> **The problem**
With pictures left out, return only the lines from the line containing "je vais partir" through the end of the material below, both included.

> **Available data**
——
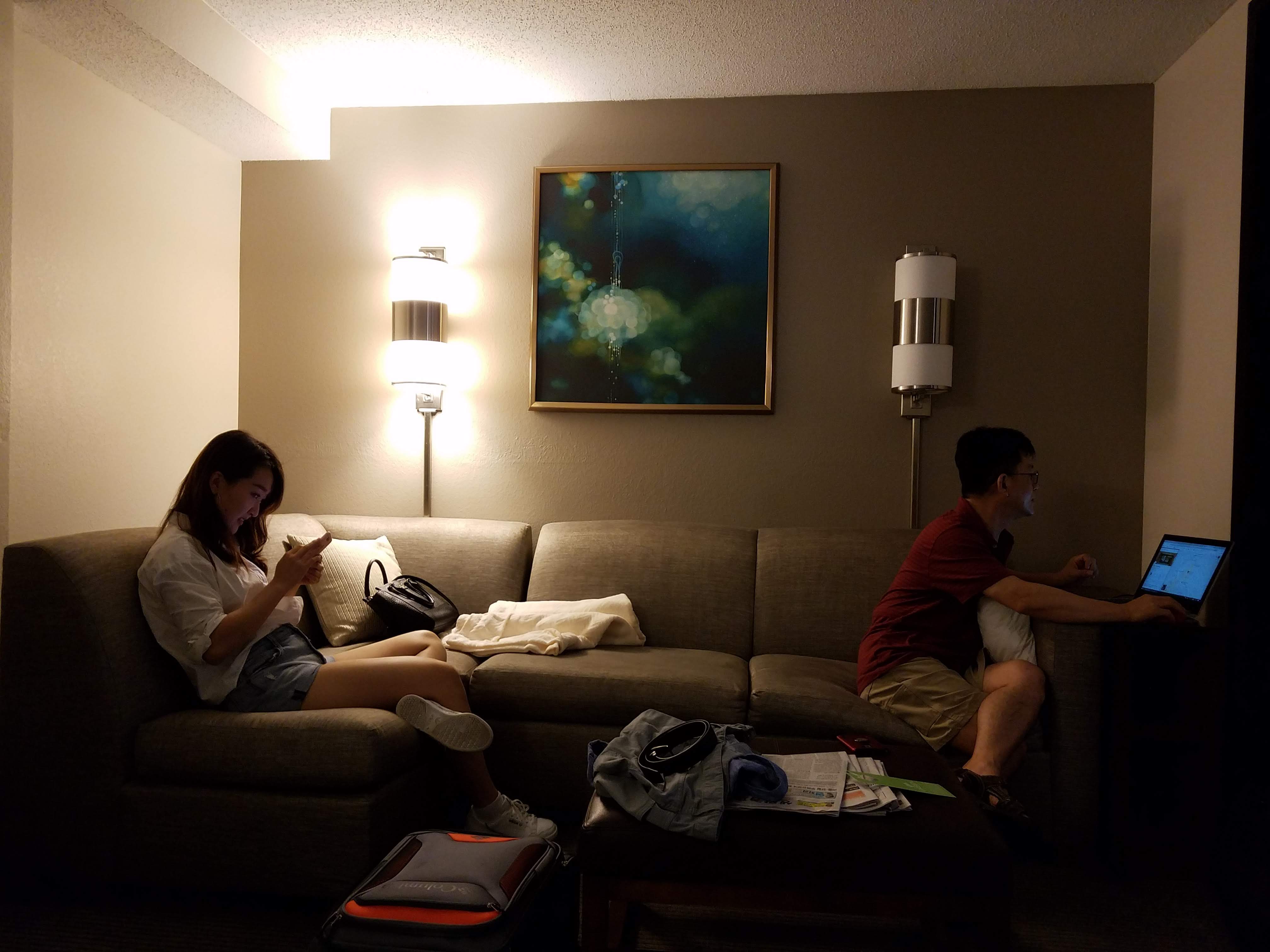 내일은 어디갈까~ 호텔에서 여기 저기 검색하는 지나와 아빠..침실과 분리된 응접실과 책상이 있어서 편했다...
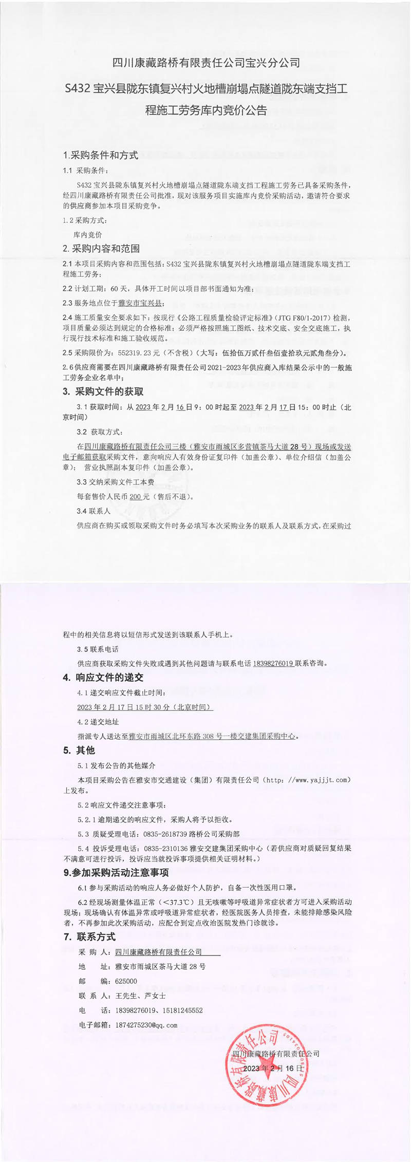 四川康藏路橋有限責(zé)任公司寶興分公司S432寶興縣隴東鎮(zhèn)復(fù)興村火地槽崩塌點(diǎn)隧道隴東端支擋工程施工勞務(wù)庫內(nèi)競價(jià)公告
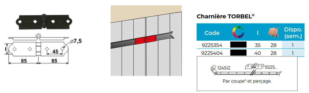 je vais partir sur des torbel 35x5 Ø14 ou 40x5 Ø14 pour être compatible avec leur charnières :
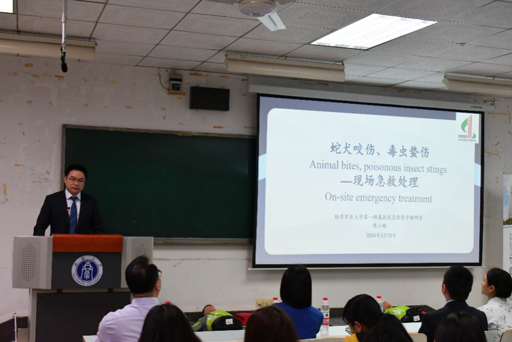 急救部前區(qū)負(fù)責(zé)人陳小雄圍繞蛇犬咬傷、毒蟲蜇傷等常見意外傷情,對(duì)緊急處理方法進(jìn)行了講解。結(jié)合西南地區(qū)蛇蟲種類與數(shù)量繁多的實(shí)際情況,陳醫(yī)生圖文并茂講解了各類蛇蟲咬傷后的處理方法,針對(duì)重慶地區(qū)蛇蟲分布他還指導(dǎo)同學(xué)們重點(diǎn)學(xué)習(xí)了幾種常見毒蛇的識(shí)別、規(guī)避和咬傷緊急處理方法。
——
> **Result for this exercise**
 je vais partir sur des torbel 35x5 Ø14 ou 40x5 Ø14 pour être compatible avec leur charnières :
 急救部前區(qū)負(fù)責(zé)人陳小雄圍繞蛇犬咬傷、毒蟲蜇傷等常見意外傷情,對(duì)緊急處理方法進(jìn)行了講解。結(jié)合西南地區(qū)蛇蟲種類與數(shù)量繁多的實(shí)際情況,陳醫(yī)生圖文并茂講解了各類蛇蟲咬傷后的處理方法,針對(duì)重慶地區(qū)蛇蟲分布他還指導(dǎo)同學(xué)們重點(diǎn)學(xué)習(xí)了幾種常見毒蛇的識(shí)別、規(guī)避和咬傷緊急處理方法。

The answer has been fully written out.